Once upon a time, I had only one writing goal: to actually finish a novel. To be honest, I wasn't sure I could do it. If you've never written "The End" before, it can feel like a daunting task. And if you've done it once, you might start to doubt that you'll be able to do it again. But you can! Here's how:
1. Give yourself permission to write something terrible. I can guarantee that you won't get it right on the first try. Your first draft might be the worst thing in the world, but you know what? That's what revisions are for. Let yourself write an awful first draft. The next one will be better.
2. Start small. If you don't have an existing writing schedule, declaring that you're going to write four hours a day might be a tad ambitious. Start off with a half hour or with a manageable word count goal, and go up from there.
3. Work toward a goal. Whether they're weekly word counts, daily writing blocks, or final deadlines, set concrete goals and work toward them. Writing contests can be great motivators, as can things like NaNoWriMo.
4. Hold yourself accountable. Make sure there are consequences if you don't reach your goal. If you're not good at cracking your own whip, ask a friend to bully you into staying on task. Or better yet, ask an enemy, someone who would like nothing better than to see you fail. How's that for motivation?
5. Celebrate small victories.

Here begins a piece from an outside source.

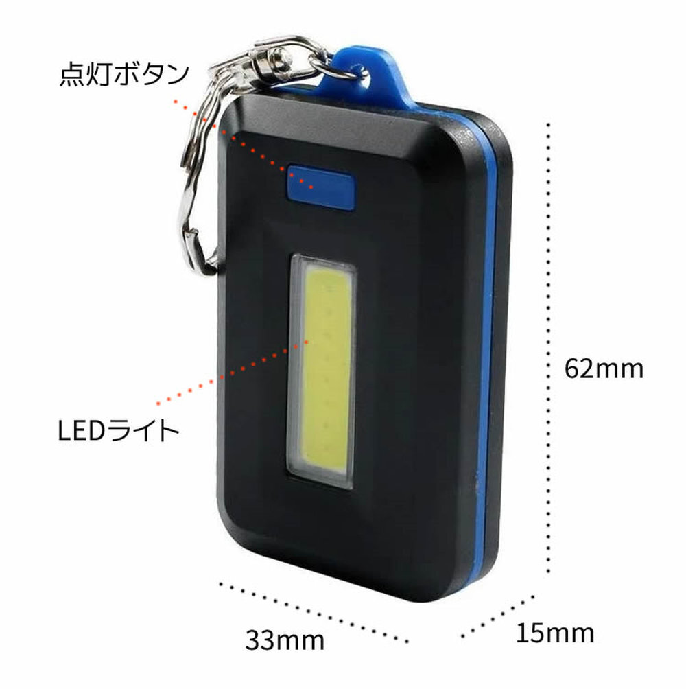 キーホルダーLEDライト COBライト 明るい SOS点灯モード カラビナ付 乾電池使用 軽量 GWKCOB303
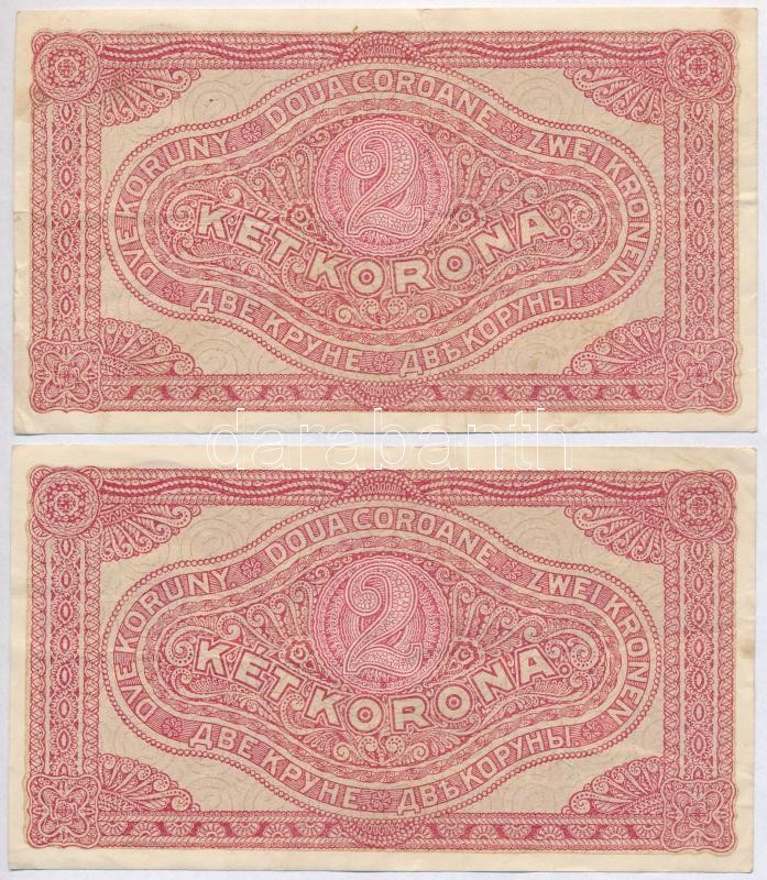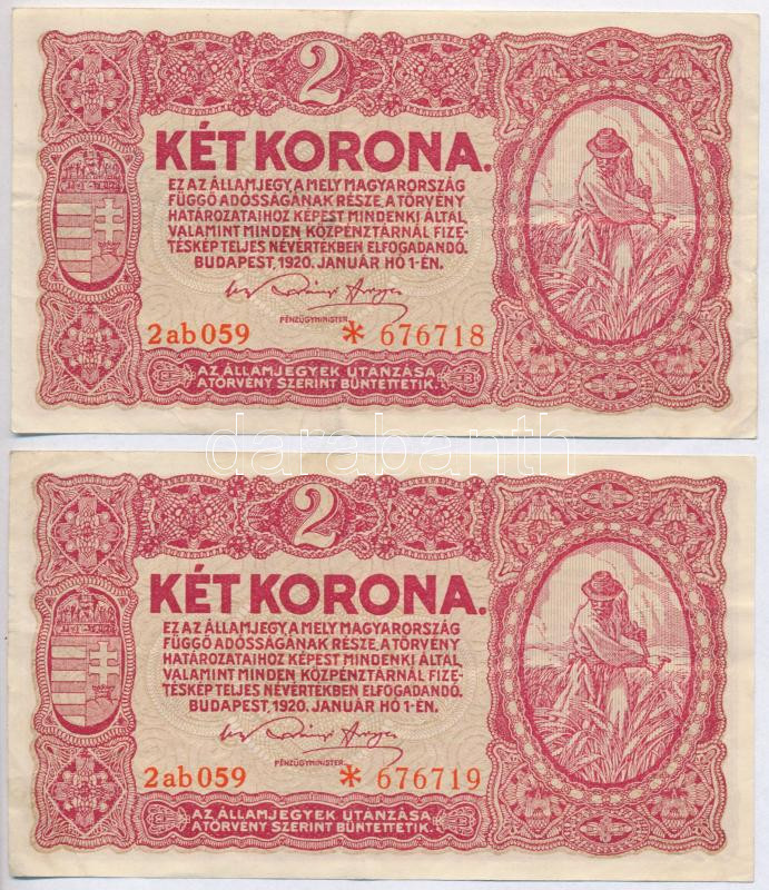 1920. 2K csillagos sorszámmal (2x) sorszámkövetők T:II-,III https://www.darabanth.com/de/281-Fernauktion/281.0/Numismatik/Ungarische-Banknoten~300007/1920-2K-csillagos-sorszammal-2x-sorszamkovetok-TII-III~II1451935

Instead of getting frustrated at how much you still have to do, acknowledge what you have done (wrote that difficult chapter, reached your weekly word count) and let that feeling of accomplishment motivate you to keep going.
6. Don't beat yourself up. Even if you don't reach your goal, keep going forward! You might fall behind on your writing schedule, but don't get discouraged. You'll have setbacks. Just keep pushing on.

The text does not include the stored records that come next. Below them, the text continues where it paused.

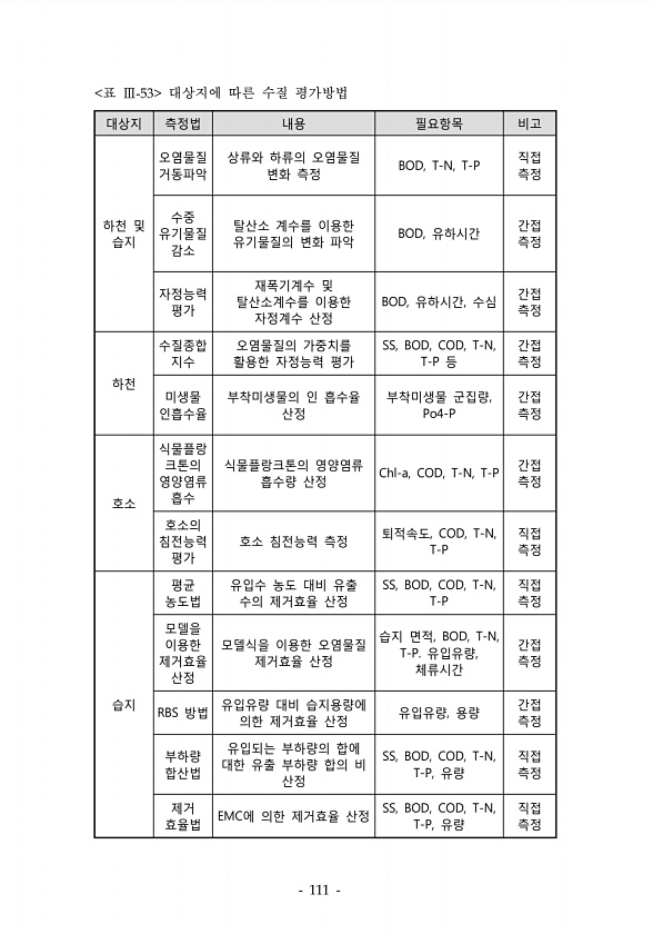 대상지 측정법 내용 필요항목 비고 하천 및 습지 오염물질 거동파악 상류와 하류의 오염물질 변화 측정 BOD, T-N, T-P 직접 측정 수중 유기물질 감소 탈산소 계수를 이용한 유기물질의 변화 파악 BOD, 유하시간 간접 측정 자정능력 평가 재폭기계수 및 탈산소계수를 이용한 자정계수 산정 BOD, 유하시간, 수심 간접 측정 하천 수질종합 지수 오염물질의 가중치를 활용한 자정능력 평가 SS, BOD, COD, T-N, T-P 등 간접 측정 미생물 인흡수율 부착미생물의 인 흡수율 산정 부착미생물 군집량, Po4-P 간접 측정 호소 식물플랑 크톤의 영양염류 흡수 식물플랑크톤의 영양염류 흡수량 산정 Chl-a, COD, T-N, T-P 간접 측정 호소의 침전능력 평가 호소 침전능력 측정 퇴적속도, COD, T-N,...
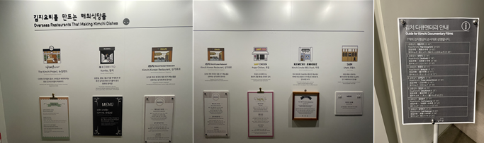 김치요리를 만드는 해외 식당을 선별해 전시한 벽 및 다큐멘터리 상영 순서표
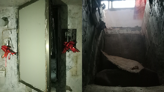 该地洞不到1.8米高,呈正方形状。不足4平方米的地洞内地面上和卧室一样,铺有地毯。地毯上的一角散落着碳酸饮料、饼干、梳子和卫生纸。洞内四壁上贴有代表喜庆的婚庆装饰品。

7. Don't get distracted by shiny new ideas. The brand new idea you came up with might seem more appealing than your current project, but if you've never finished a novel before then you need to stick with the one you're working on. Because if you finish one, you'll finish another.
8. Let the story carry you forward. If you're an outliner, figure out what happens later in the story to keep you on track. If you're a pantser, think of an image or feeling that you want to leave readers with and write toward it. And remember to hold on to whatever you love about the story, especially when you hit a rough patch.
9. Be patient. It's tempting to get impatient and want that book to be to done already! But some projects take longer than others. And trust me, publishing is the slowest business on earth, so you might as well start exercising that patience now.
Bottom line is, no one can write the book for you. It won't be easy and, let's be honest, that book may never get published. But if you're serious about writing, do whatever it takes to finish that novel. Because there is nothing quite like writing "The End."